TASK REQUIREMENTS: For any picture in the lines below, please leave it out and copy the rest exactly.

SUPPLIED DATA:
* * * *
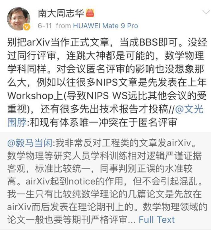 周志华评arXiv:别当做正式文章,当成BBS即可
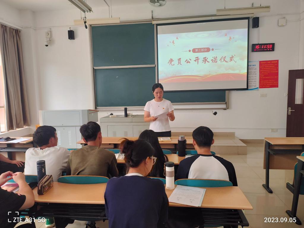 此外,各支部结合主题教育期间学习成效,就2022-2023学年先锋模范作用发挥情况、2023-2024学年承诺事项举行了党员公开承诺仪式,并将在本学年末通过个人自评、党员互评、群众评议、组织评定等方式,对承诺事项完成情况进行综合评议。
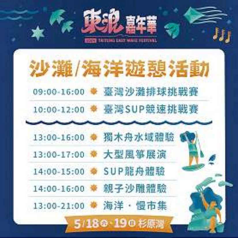 臺東縣政府表示,海陸兩大賽事【SUP競速賽】和【沙灘排球賽】,將從活動首(18)日上午9點起正式展開,提供運動愛好者一展身手、交流切磋。下午1點開始,現場將有海洋慢市集、獨木舟體驗,以及小朋友喜愛的大型風箏展演。而自下午2點,SUP體驗與親子沙雕體驗也將讓民眾玩得盡興。
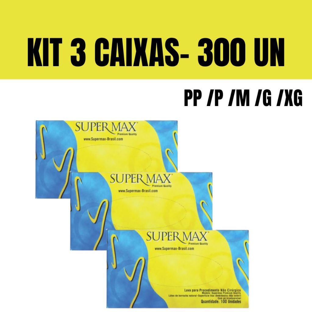 Kit 3 caixas Luva Látex Descartável Branco Proteção Estéril De Borracha Natural Para Procedimentos Não Cirúrgicos 100 Un - Supermax
* * * *
ANSWER BOX:
 周志华评arXiv:别当做正式文章,当成BBS即可
 此外,各支部结合主题教育期间学习成效,就2022-2023学年先锋模范作用发挥情况、2023-2024学年承诺事项举行了党员公开承诺仪式,并将在本学年末通过个人自评、党员互评、群众评议、组织评定等方式,对承诺事项完成情况进行综合评议。
 臺東縣政府表示,海陸兩大賽事【SUP競速賽】和【沙灘排球賽】,將從活動首(18)日上午9點起正式展開,提供運動愛好者一展身手、交流切磋。下午1點開始,現場將有海洋慢市集、獨木舟體驗,以及小朋友喜愛的大型風箏展演。而自下午2點,SUP體驗與親子沙雕體驗也將讓民眾玩得盡興。
 Kit 3 caixas Luva Látex Descartável Branco Proteção Estéril De Borracha Natural Para Procedimentos Não Cirúrgicos 100 Un - Supermax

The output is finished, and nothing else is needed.